Designing with dataclasses
Assumed audience: Python programmers who aren’t in the habit of writing classes.
Python
dictionaries are
available without an import and extremely flexible, which means many Python programmers
default to representing data as a dict. Here’s why and when you should use
dataclasses
instead.
Note: I’m using
dataclasshere since it’s in the standard library. If you’re already using a similar 3rd-party library like the excellent attrs the advice here still applies, just replace uses ofdataclasswith that library.
What is a dataclass?
If you’re already familiar with dataclasses, skip ahead to the next section.
dataclass is a class
decorator which automatically
generates
special methods
like __init__ and __eq__, making for more concise class definitions. For instance,
this class declaration:
class Order:
def __init__(self, item_id: str, customer_id: str, amount: int):
self.item_id = item_id
self.customer_id = customer_id
self.amount = amount
def __eq__(self, other):
return (
self.item_id == other.item_id
and self.customer_id == other.customer_id
and self.amount == other.amount
)
can be replaced with:
from dataclasses import dataclass
@dataclass
class Order:
item_id: str
customer_id: str
amount: int
Why use a dataclass instead a dict?
Data classes have a few distinct advantages over dictionaries.
Readability
First, a dataclass can be more readable than a dict. When you see a dataclass like
Order, reading its definition tells you which fields it contains 1. On the other
hand, items can be added or removed from a dict at various points in the code, which
means you have to potentially read through much more code to know the shape of the data.

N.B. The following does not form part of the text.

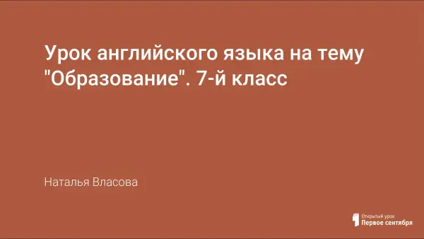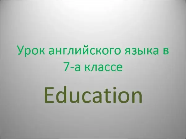 Урок на тему "Образование" для учащихся 7-го класса является уроком на закрепление пройденного материала. У учащихся формируются умения и навыки монологической и диалогической речи, работы в группах, развивается навык понимания речи на слух. Учащиеся готовят свои презентации по данной теме. На уроке отрабатывается грамматический материал. Учитель использует презентацию по ходу урока.

While this can be avoided with discipline (for instance, you can avoid inserting new
items into a dict after it’s instantiated), dataclass helps enforce this discipline
automatically.
Error checking & debugging
Representing data as a dataclass also makes debugging faster. For example, using the
same Order class as before, if you forgot to provide customer_id when instantiating,
it raises an error with the exact line where you forgot to provide the customer_id:
order = Order(item_id="i1435", amount=10)
----> 1 Order(item_id="i2345", amount=10)
TypeError: Order.__init__() missing 1 required positional argument: 'customer_id'.
However, if we represented the same data as a dict, this would not raise an error:
order = {
"item_id": "i1435",
"amount": 10,
}
If "customer_id" is accessed somewhere downstream,
customer = order["customer_id"]
you get a KeyError: 'customer_id' and you’re left backtracking through the code to
find where you forgot to add 'customer_id'.
Dataclasses also work well with type checkers like mypy. Since they encourage annotating each field with types, code using dataclasses can be type checked with very little extra effort.
When should you use a dataclass instead of a dict?
Leveraging dataclasses’ strengths requires knowing the structure of your data ahead of
time. So, lean towards using a dataclass when your data has a fixed structure known at
design time and access fields by hardcoded names throughout the codebase.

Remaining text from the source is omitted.